• _RECORDS SUPPLIED_
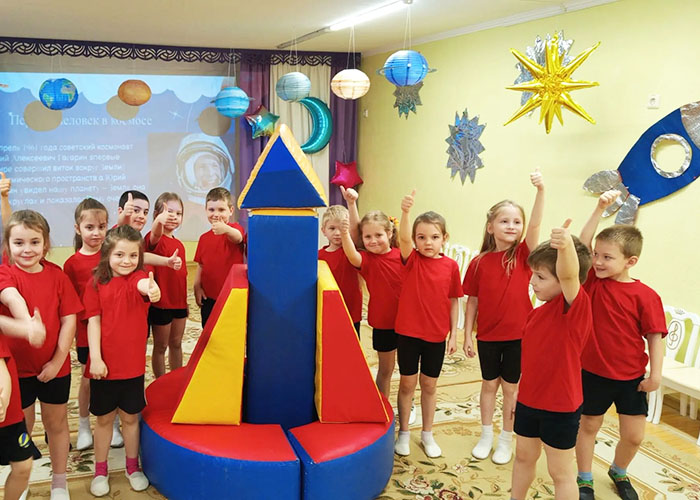 В преддверии Дня космонавтики с детьми средней группы № 2 и старшей группы № 3 было проведено увлекательное спортивное развлечение «Старт в будущее!» Ребята отправились в воображаемый полёт к далёким планетам, где их ждали интересные испытания и весёлые приключения. Дети проявили ловкость, смекалку и командный дух, проходя космические эстафеты, преодолевая «метеоритные дожди» и строя «звёздные станции». Мероприятие не только подарило массу положительных эмоций, но и расширило представления детей о космосе, первых космонавтах и важности дружбы и взаимопомощи в любом, даже самом необычном путешествии. Фото
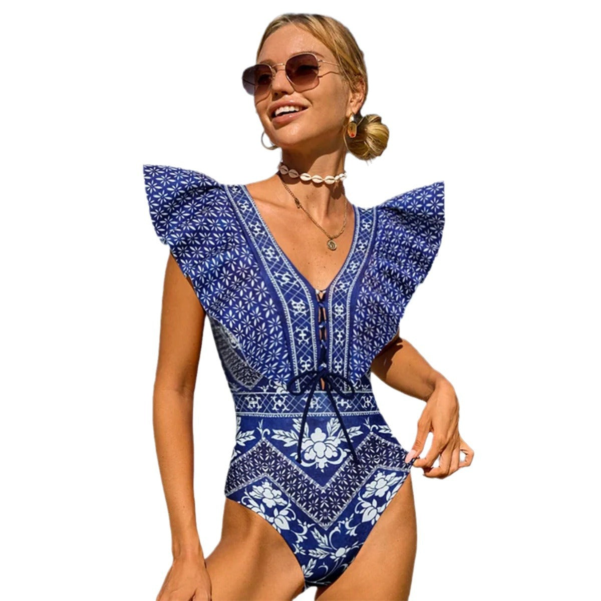 Entdecken Sie unseren Damen Einteiler Badeanzug – perfekt für Ihren nächsten Strandurlaub. Stilvolles Modell mit voluminösen Rüschen an den Schultern und tiefem V-Ausschnitt.
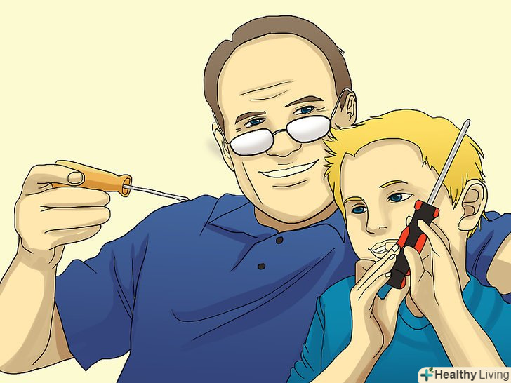 Навчайте дітей предметам, які потрібні для виконання щоденних справ.діти можуть допомагати тримати інструменти, поки ви будете пояснювати їм, що і як ви будете ремонтувати їм. Пізніше, дитина сама зможе допомагати вам по дому (в підлітковому віці).
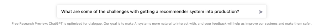 ChatGPT: There are several challenges that can arise when trying to get a recommender system into production. Some of these challenges include:
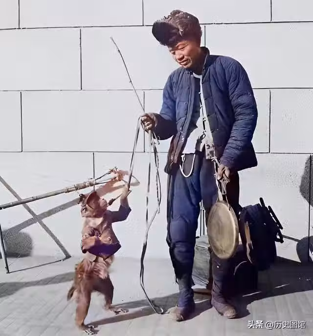 在上海街頭,一名猴戲藝人正在表演節目。他一手拎著銅鑼,另一隻手牽著猴子。他不斷發出口令,猴子就能做出相應的動作。再加上小猴子戴著帽子,穿著小馬甲,舉手投足令人忍俊不禁。現在,會猴戲的人越來越少了,而猴戲也是非物質文化遺產。
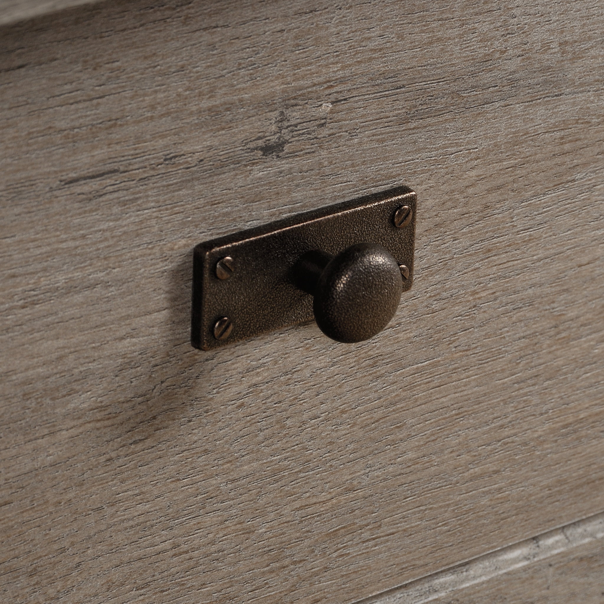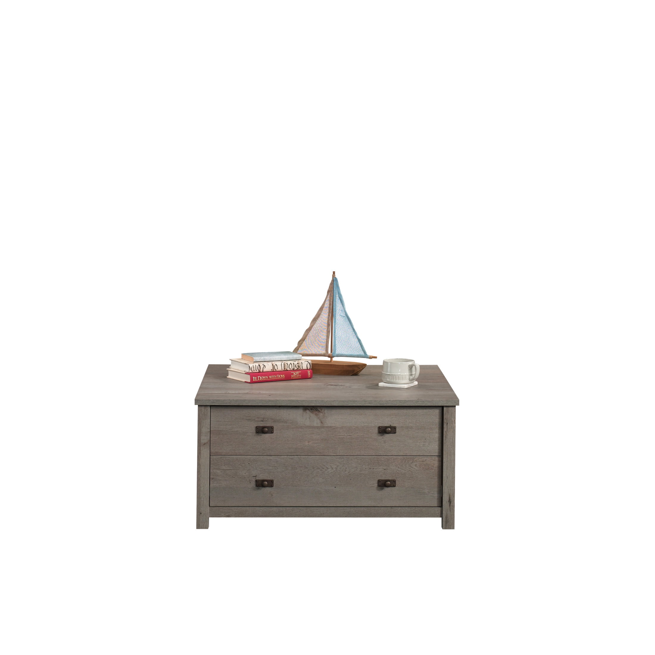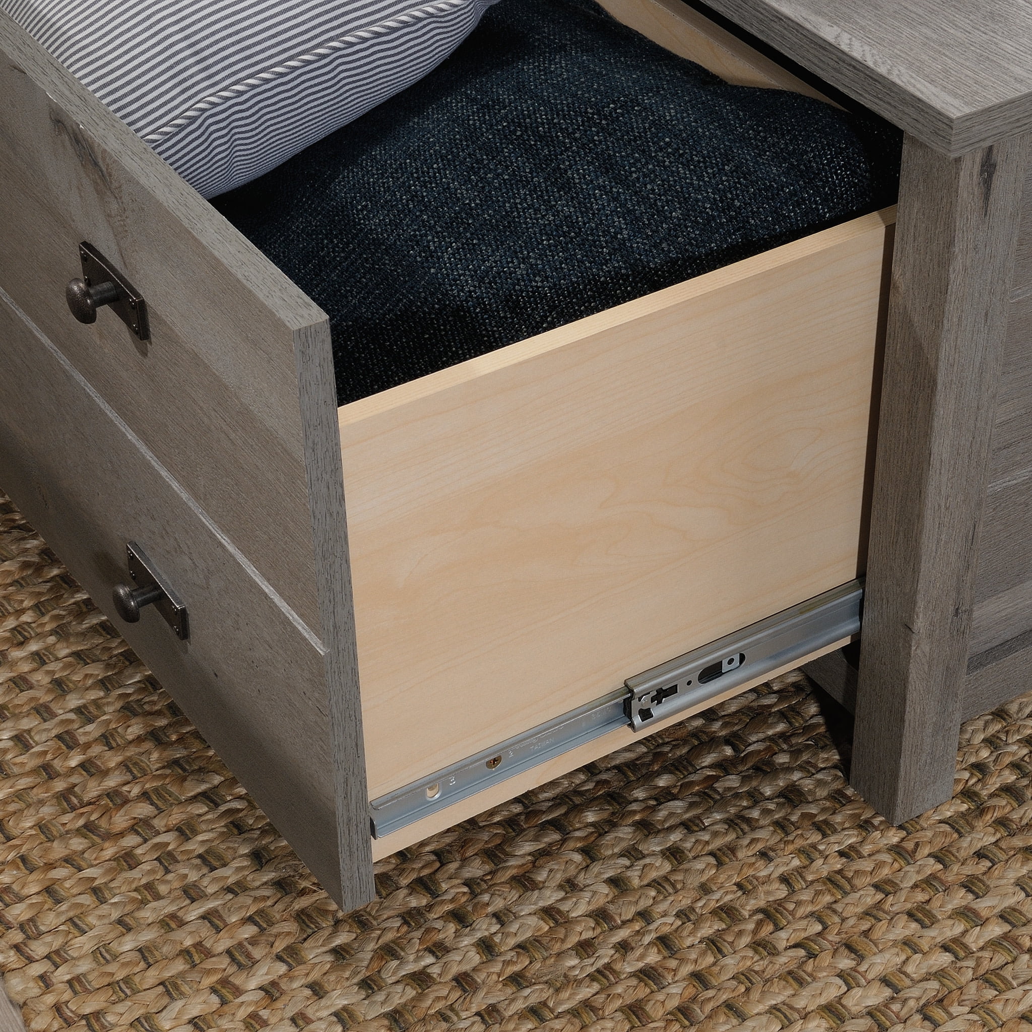 Function and style meet with this coffee table from the Cottage Road collection. This storage coffee table features two drawers with full extension slides for pillows, small blankets, books, magazines and more! This coffee table with drawers is finished on all sides for versatile placement in your home, with a complete and polished look from all angles. The spacious top surface of this coffee table with storage drawer can be styled with a plant, photos of your family, and your cup of coffee. To speed up the assembly process, this coffee table with drawers features slide-on moldings and a T-lock drawer system. A Mystic Oak finish makes this living room coffee table a modern addition to any living room. We hope you like what you see. Sauder designers travel the world and bring back the best and latest in style, finish, and color trends. This inspiring world travel is evident in the cutting edge and innovative furniture solutions we offer to you!

• _WORK REQUIRED_
Please write out all of the data verbatim, with no pictures in the copy.

• _ANSWER_
 В преддверии Дня космонавтики с детьми средней группы № 2 и старшей группы № 3 было проведено увлекательное спортивное развлечение «Старт в будущее!» Ребята отправились в воображаемый полёт к далёким планетам, где их ждали интересные испытания и весёлые приключения. Дети проявили ловкость, смекалку и командный дух, проходя космические эстафеты, преодолевая «метеоритные дожди» и строя «звёздные станции». Мероприятие не только подарило массу положительных эмоций, но и расширило представления детей о космосе, первых космонавтах и важности дружбы и взаимопомощи в любом, даже самом необычном путешествии. Фото
 Entdecken Sie unseren Damen Einteiler Badeanzug – perfekt für Ihren nächsten Strandurlaub. Stilvolles Modell mit voluminösen Rüschen an den Schultern und tiefem V-Ausschnitt.
 Навчайте дітей предметам, які потрібні для виконання щоденних справ.діти можуть допомагати тримати інструменти, поки ви будете пояснювати їм, що і як ви будете ремонтувати їм. Пізніше, дитина сама зможе допомагати вам по дому (в підлітковому віці).
 ChatGPT: There are several challenges that can arise when trying to get a recommender system into production. Some of these challenges include:
 在上海街頭,一名猴戲藝人正在表演節目。他一手拎著銅鑼,另一隻手牽著猴子。他不斷發出口令,猴子就能做出相應的動作。再加上小猴子戴著帽子,穿著小馬甲,舉手投足令人忍俊不禁。現在,會猴戲的人越來越少了,而猴戲也是非物質文化遺產。
 Function and style meet with this coffee table from the Cottage Road collection. This storage coffee table features two drawers with full extension slides for pillows, small blankets, books, magazines and more! This coffee table with drawers is finished on all sides for versatile placement in your home, with a complete and polished look from all angles. The spacious top surface of this coffee table with storage drawer can be styled with a plant, photos of your family, and your cup of coffee. To speed up the assembly process, this coffee table with drawers features slide-on moldings and a T-lock drawer system. A Mystic Oak finish makes this living room coffee table a modern addition to any living room. We hope you like what you see. Sauder designers travel the world and bring back the best and latest in style, finish, and color trends. This inspiring world travel is evident in the cutting edge and innovative furniture solutions we offer to you!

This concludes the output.